- Required work
Repeat exactly what runs from the line containing "În cartierul Obolonski, resturi" through the last line of the material below. Do not copy the pictures.

- Supplied entries

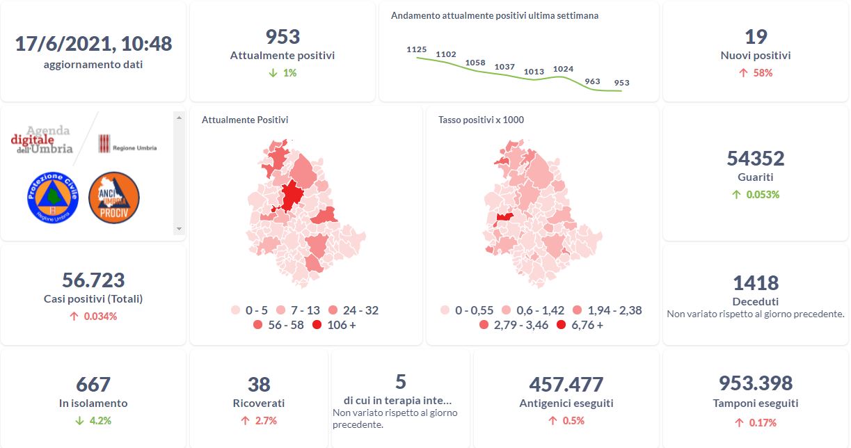 Coronavirus, i dati aggiornati al 16 giugno della Regione Umbria.
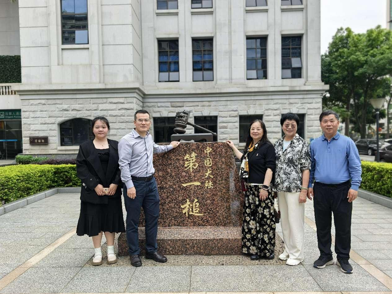 抵达思明区法院后,团队成员首先参观了具有特殊历史意义的 “中国大陆第一槌”,并一齐合影留念。2001年9月14日,思明区法院时任院长在审理刑事案件时敲响此槌。它由花梨木雕刻獬豸兽头,手柄有麦穗和齿轮雕饰。思明区法院敲响的“第一槌”,很快引起了最高人民法院的注意。2002年法槌在全国法院统一使用,“第一槌” 现藏于中国法院博物馆,它是我国审判形式改革的标志性见证,彰显着司法工作对公正与效率的追求。
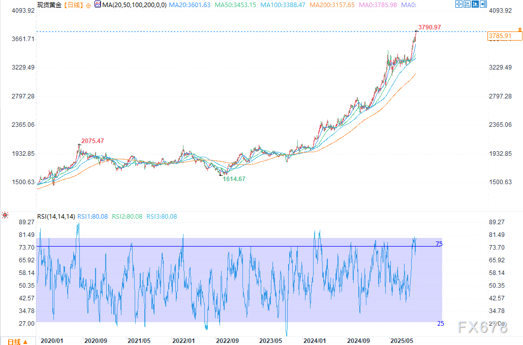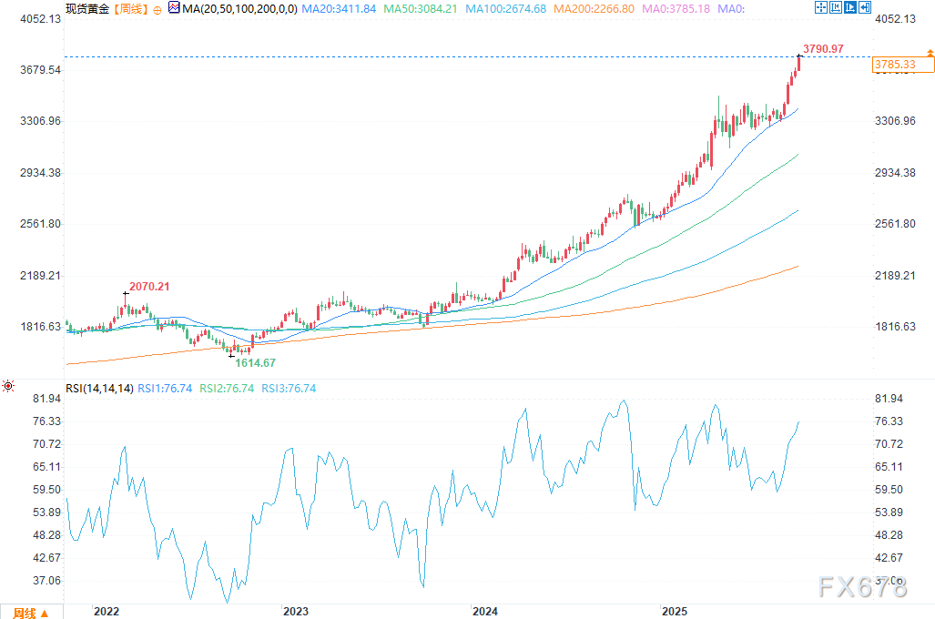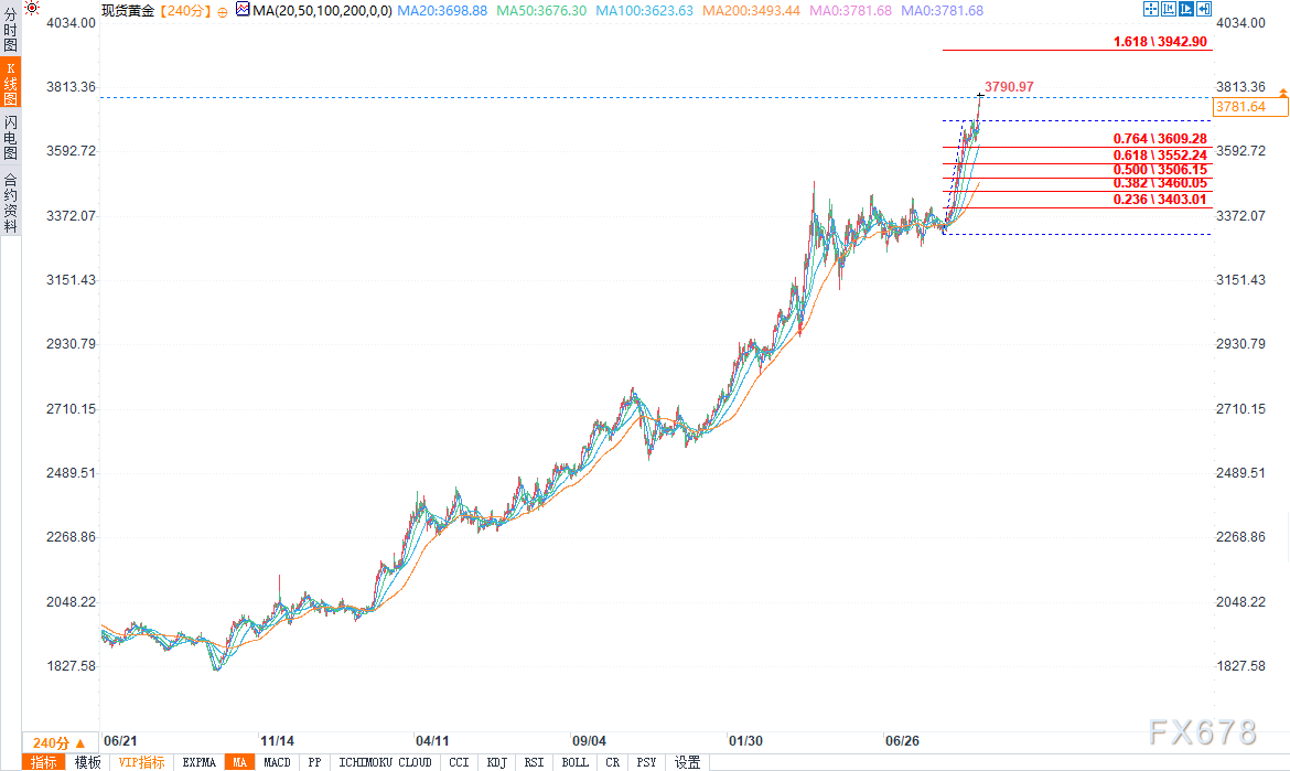 当前,地缘政治紧张局势加剧、避险资产需求上升、股票与加密货币市场风险偏好下降,多重因素共同作用,再次推动黄金价格走高。每盎司黄金现货价格已创出历史高点3790美元;从上周五开盘到周二欧洲市场活跃交易时段,金价累计涨幅超过4%。
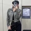 [Gamuza] Chaqueta Americana de Cuello Alto Pequeña Fragante para Mujer Chaqueta Nueva Transfronteriza Chaqueta de Motocicleta Uniforme de Béisbol Corto
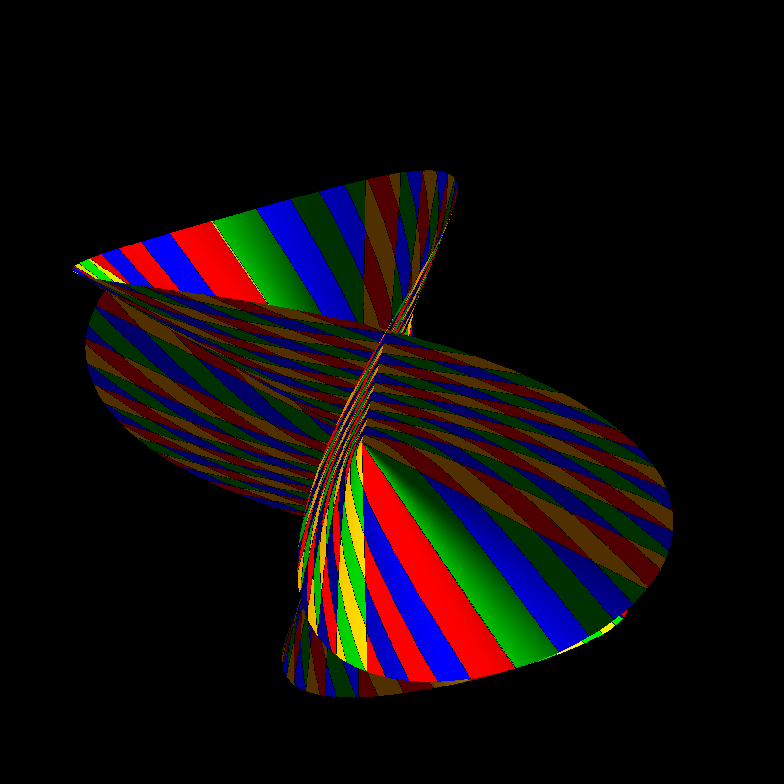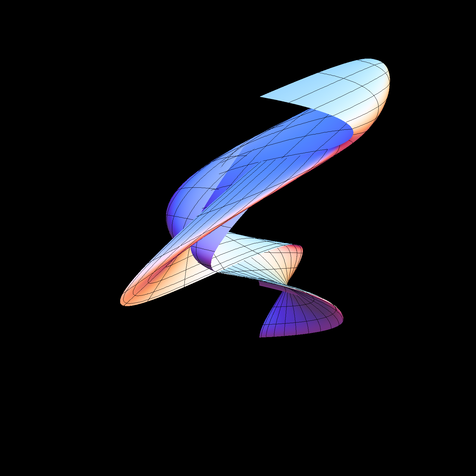 The animation to the left plays with the parametrization and takes r(t,s) = c f[t] + (2-c) f(s) for various c. The example code above has c=1, where r(t,s) = f[t] + f[s]
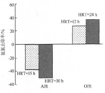 停留時間對出水氨氮影響的實驗結果如圖 4 所示。二級A 池出水氨氮濃度升高,去除率為負值,停留時間越長,出水氨氮濃度越高,當二級A 池停留時間為30 h 時,氨氮去除率可達-50%左右,因為腈綸廢水多為毒性較大的含氮有機物(如丙烯腈),在經過生物降解后都會生成氨氮,以至出水中氨氮含量增加〔9, 10〕,當二級O 池HRT 在12 h 和24 h時,氨氮的去除率分別為27.3%和36%。隨著停留時間的延長,氨氮去除率增加,但并不明顯,說明單純延長HRT 對于氨氮的降解貢獻不大〔11〕。
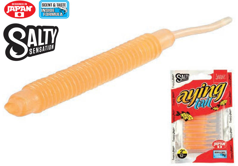 Ακόμη ένα μικροσκοπικό σιλικονάκι από την Lucky John είναι το λεγόμενο AYING TAIL. Πρόκειται για μια πολύ λεπτή σιλικόνη που ο κορμός της δεν είναι λείος αντίθετα έχει κάποιες ραβδώσεις που δημιουργούν μικροδονήσεις κατά την διάρκεια της κίνησης της στο νερό.
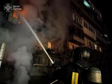 În cartierul Obolonski, resturi de drone au căzut pe un bloc de 16 etaje, potrivit primarului din Kiev.
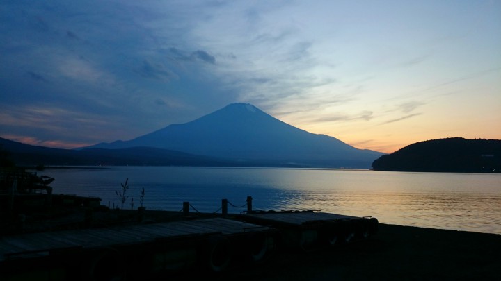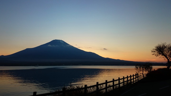 朝から雲一つ無い天気の山中湖、早朝氷点下にはなりませんでしたがとてもヒンヤリして寒く感じました。写真は夕方4時36分の日没後の富士山です。空気が澄んでいて景色がとても綺麗でした。
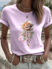 Dámské světlé růže růže a stuha rakoviny prsu téma příležitostné kolo krku krátký rukáv
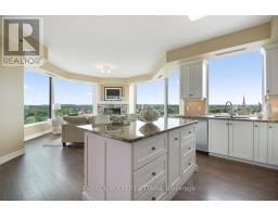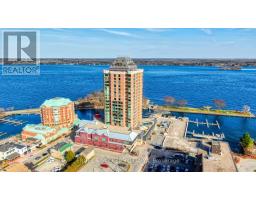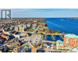 $1,488.05 MonthlyRarely offered for sale this northwest facing Tops'l Suite offers outstanding views of the Brockville portion of the 1000 Islands as well as the Brockville skyline. You and your guests will never tire of the views which change seasonally. This suite offers a beautifully portioned great room style anchored by a gas fireplace. The tailored kitchen cabinetry is in classic white with granite countertops. The huge window over the sink lets you keep an eye on the comings and goings of the city below. The spacious primary suite accommodates a king size suite with adjacent 5 piece ensuite and huge walk in closet. The secondary bedroom on the opposite side of the condo provides total privacy for visiting family or guests or makes an excellent office. Wide plank hardwood flooring throughout adds to the sense of space ceramic flooring in the baths, of course. The building amenities are second to none .... huge indoor pool, indoor and outdoor hot tubs, nicely equipped gym, reception rooms, games room, catering kitchen. One indoor parking space is equipped with an EV charger. A must see!!! (id:50886)
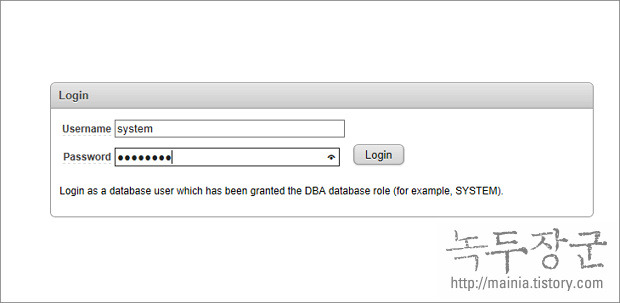 ▼ 접속 후 4개의 메뉴 중 하단에 있는 Application Express 를 클릭합니다. 그럼 계정 로그인 창으로 이동하게 될 겁니다. 로그인 창에서 Oracle XE 설치할 때 입력했던 비밀번호를 입력하시면 됩니다. 아이디는 sys 나 system 둘 중에 하나 입니다.
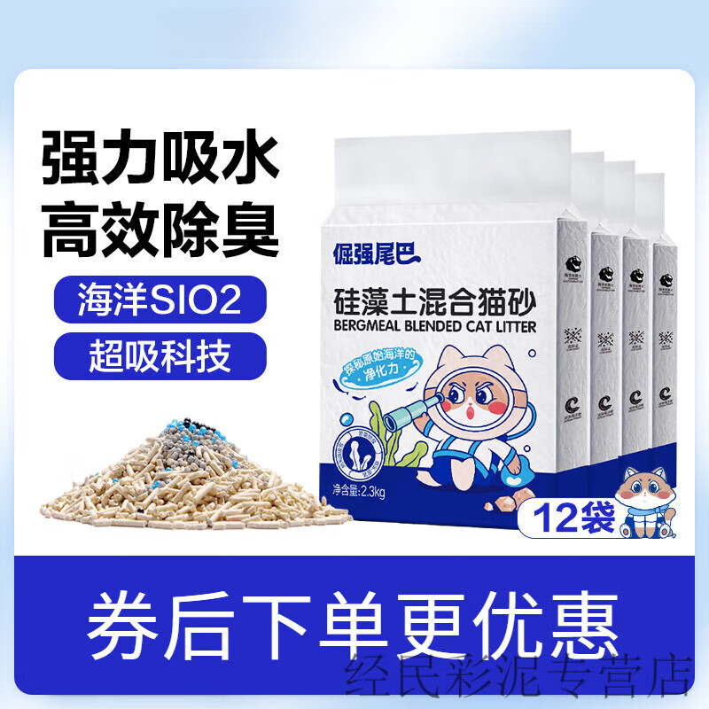 倔强的尾巴硅藻土混合猫砂膨润土混合猫沙囤货2.3kg*12包 硅藻土猫砂2.3kg*12袋
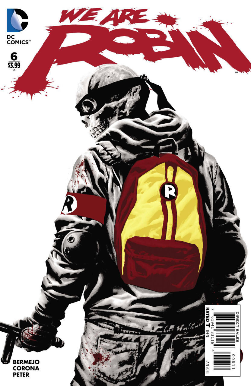 series : WE ARE ROBIN 2015 u.s. price : 3.99 on sale date : Nov 25 2015 volume/issue # : 6 color/b&w : Color trim size : Comic page count : 32 rated : Teen cover by : Jorge Corona written by : Lee Bermejo art by : Jorge Corona

- Task result
 În cartierul Obolonski, resturi de drone au căzut pe un bloc de 16 etaje, potrivit primarului din Kiev.
 朝から雲一つ無い天気の山中湖、早朝氷点下にはなりませんでしたがとてもヒンヤリして寒く感じました。写真は夕方4時36分の日没後の富士山です。空気が澄んでいて景色がとても綺麗でした。
 Dámské světlé růže růže a stuha rakoviny prsu téma příležitostné kolo krku krátký rukáv
 $1,488.05 MonthlyRarely offered for sale this northwest facing Tops'l Suite offers outstanding views of the Brockville portion of the 1000 Islands as well as the Brockville skyline. You and your guests will never tire of the views which change seasonally. This suite offers a beautifully portioned great room style anchored by a gas fireplace. The tailored kitchen cabinetry is in classic white with granite countertops. The huge window over the sink lets you keep an eye on the comings and goings of the city below. The spacious primary suite accommodates a king size suite with adjacent 5 piece ensuite and huge walk in closet. The secondary bedroom on the opposite side of the condo provides total privacy for visiting family or guests or makes an excellent office. Wide plank hardwood flooring throughout adds to the sense of space ceramic flooring in the baths, of course. The building amenities are second to none .... huge indoor pool, indoor and outdoor hot tubs, nicely equipped gym, reception rooms, games room, catering kitchen. One indoor parking space is equipped with an EV charger. A must see!!! (id:50886)
 ▼ 접속 후 4개의 메뉴 중 하단에 있는 Application Express 를 클릭합니다. 그럼 계정 로그인 창으로 이동하게 될 겁니다. 로그인 창에서 Oracle XE 설치할 때 입력했던 비밀번호를 입력하시면 됩니다. 아이디는 sys 나 system 둘 중에 하나 입니다.
 倔强的尾巴硅藻土混合猫砂膨润土混合猫沙囤货2.3kg*12包 硅藻土猫砂2.3kg*12袋
 series : WE ARE ROBIN 2015 u.s. price : 3.99 on sale date : Nov 25 2015 volume/issue # : 6 color/b&w : Color trim size : Comic page count : 32 rated : Teen cover by : Jorge Corona written by : Lee Bermejo art by : Jorge Corona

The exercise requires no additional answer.